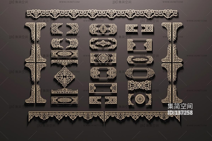 中式雕花构件,花格 3d模型下载 [模型ID:137258]
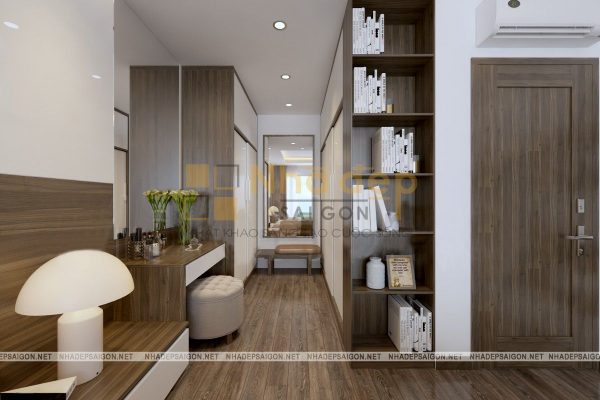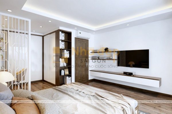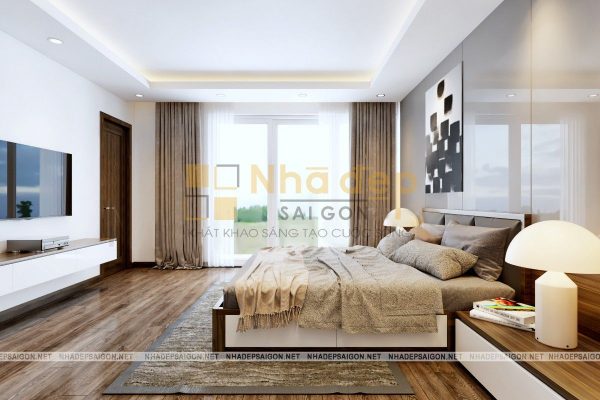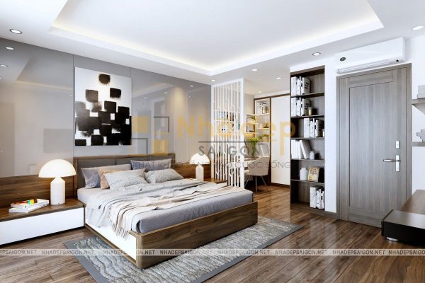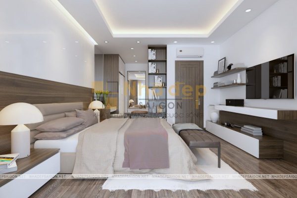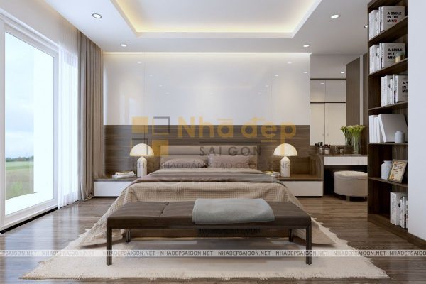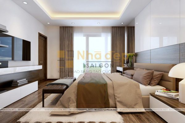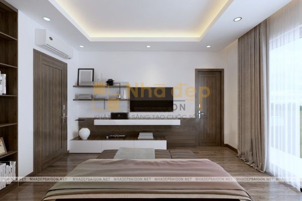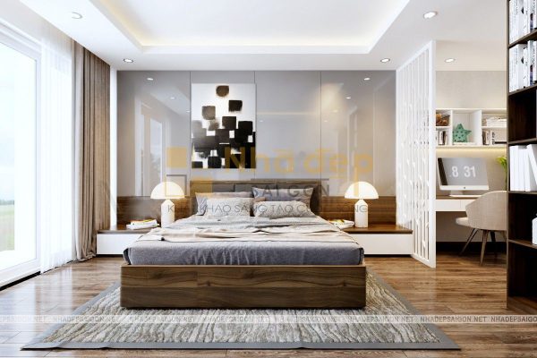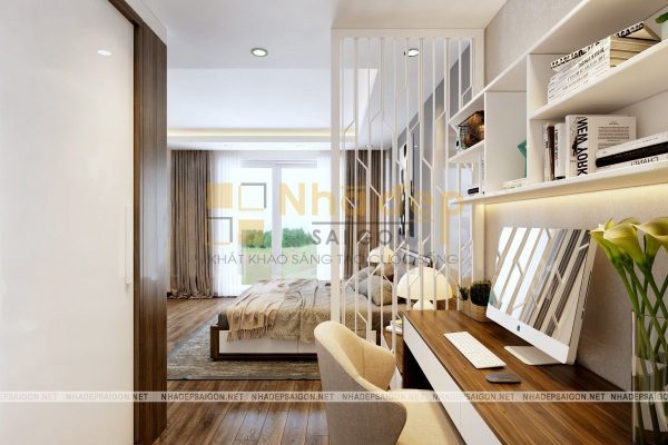 Ngắm nhìn tổng quan căn phòng ngủ nhà phố hiện đại Quận 10 anh Vỹ, chúng ta cảm nhận được sự năng động, tinh tế và hiện đại trong thiết kế. Chiếc giường gỗ với kệ tủ 2 bên đầu giường và sàn cùng màu. Phòng ngủ có bàn làm việc kiểu dáng hiện đại, các kệ tủ lớn để đựng đồ trang trí cũng như sách vở, tài liệu. Tông màu trắng chủ đạo, đi cùng gỗ công nghiệp màu nâu và đồ nội thất hiện đại, thiết kế không gian mở, hứa hẹn mang đến cho gia chủ những giây phút nghỉ ngơi và tận hưởng nét đẹp sang trọng cho căn phòng của vợ chồng mình.
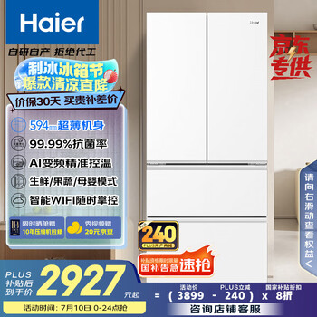 海尔(Haier)小红花-绽放版500升594mm专业超薄法式多门一级能效家用电冰箱BCD-500WGHFDEDWVU1国家补贴20%
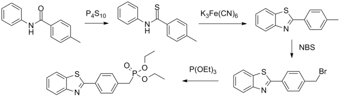 - ↑ Yoshino K, Kohno T, Uno T, Morita T, Tsukamoto G (May 1986). "Organic phosphorus compounds. 1. 4-(Benzothiazol-2-yl)benzylphosphonate as potent calcium antagonistic vasodilator". Journal of Medicinal Chemistry. 29 (5): 820–825. doi:10.1021/jm00155a037. PMID 3701791.
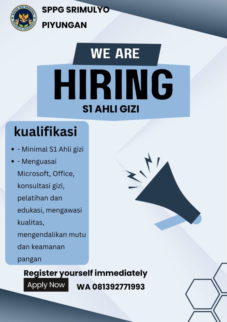 SPPG Srimulyo, Piyungan membuka kesempatan bagi Anda, lulusan S1 Ahli Gizi, untuk bergabung dan berkontribusi langsung dalam peningkatan kualitas gizi dan keamanan pangan masyarakat.
-- -- --
▶ **Task objective**:
Could you reproduce exactly the lines running from the one with "海尔(Haier)小红花-绽" through the final line of the listing above, both included, and drop the pictures?

▶ **Answer to this exercise**:
 海尔(Haier)小红花-绽放版500升594mm专业超薄法式多门一级能效家用电冰箱BCD-500WGHFDEDWVU1国家补贴20%
 - ↑ Yoshino K, Kohno T, Uno T, Morita T, Tsukamoto G (May 1986). "Organic phosphorus compounds. 1. 4-(Benzothiazol-2-yl)benzylphosphonate as potent calcium antagonistic vasodilator". Journal of Medicinal Chemistry. 29 (5): 820–825. doi:10.1021/jm00155a037. PMID 3701791.
 SPPG Srimulyo, Piyungan membuka kesempatan bagi Anda, lulusan S1 Ahli Gizi, untuk bergabung dan berkontribusi langsung dalam peningkatan kualitas gizi dan keamanan pangan masyarakat.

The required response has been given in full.